Product Update
Seaboss now watches itself: 13 self-monitoring signals
azmat••2 min read
A managed platform that doesn't watch itself isn't really managed. As of
RASF-718 Phase 2, the Seaboss management server runs an ops-watchdog
daemon with 13 active monitoring signals, each one looking for a specific
failure mode that's historically caused us pain.
What it watches
The signals split into three rough categories.
Tenant-fleet health:
- Tenant containers in the unhealthy state for >10 minutes.
- Sidecar sync staleness (no usage events from a tenant in >2 hours).
- Disk pressure on the management server itself.
- TLS cert expiry approaching (Let's Encrypt < 14 days).
Billing + provider integrity:
- Stripe webhook lag (events delayed >5 minutes).
- Stripe failed payments not retried.
- Hetzner orphan labels (VPSes labeled for tenants that no longer exist in our database).
Release lifecycle:
- Gold-release lifecycle stuck states (a release sitting in
candidateorcompat-passedlonger than expected without progress togold). - Tenant instance errors trending up.
- OpenClaw upstream release watcher (new versions worth evaluating).

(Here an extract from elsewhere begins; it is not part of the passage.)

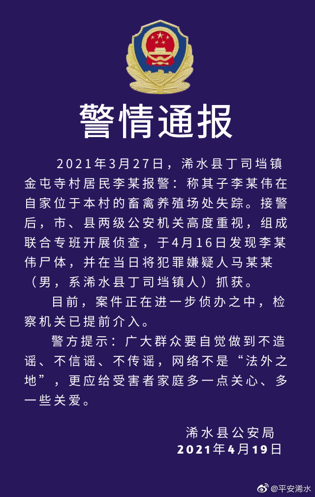 近日,@公安部儿童失踪信息紧急发布平台 发布湖北浠水一名4岁男童失踪消息,寻人启事发布后,引起网友关注。据@平安浠水 微博4月19日通报,2021年3月27日,湖北省浠水县丁司垱镇金屯寺村居民李某报警:称其子李某伟在自家位于本村的畜禽养殖场处失踪。接警后,市、县两级公安机关高度重视,组成联合专班开展侦查,于4月16日发现李某伟尸体,并在当日将犯罪嫌疑人马某某(男,系浠水县丁司垱镇人)抓获。目前,案件正在进一步侦办之中,检察机关已提前介入。

Plus a usage-rollup staleness check and a self-health monitor that fires if any other signal stops checking in.
How it routes
When a signal fires, it goes through the platform-shared
@riseandshinefutures/ops-watchdog library, which:
- Posts to a Discord webhook (
#seaboss-ops). - Files a Linear ticket via the auto-filer (dedup by signal fingerprint).
- Logs to the audit DB.
The severity scale runs info → warning → critical, with mention
scoping that only escalates to @here or @everyone for true
fleet-affecting events.
What we caught early
In the first 24 hours after Phase 2 deployed, the daemon caught two real issues that unit tests didn't:
- A SQL bug in the
usage-rollup-stalenessquery (wrong column name, fingerprinted as a flap but the underlying query was nonsense). - A genuine deadlock in the Gold-upgrade flow that would have hit the next Gold release.
Both were fixed same-session. The daemon paid for its build cost on day one.
What's next
Phase 2.B will integrate the daemon with a chat interface for interactive investigation — operator-driven for now, autonomous after a soak period.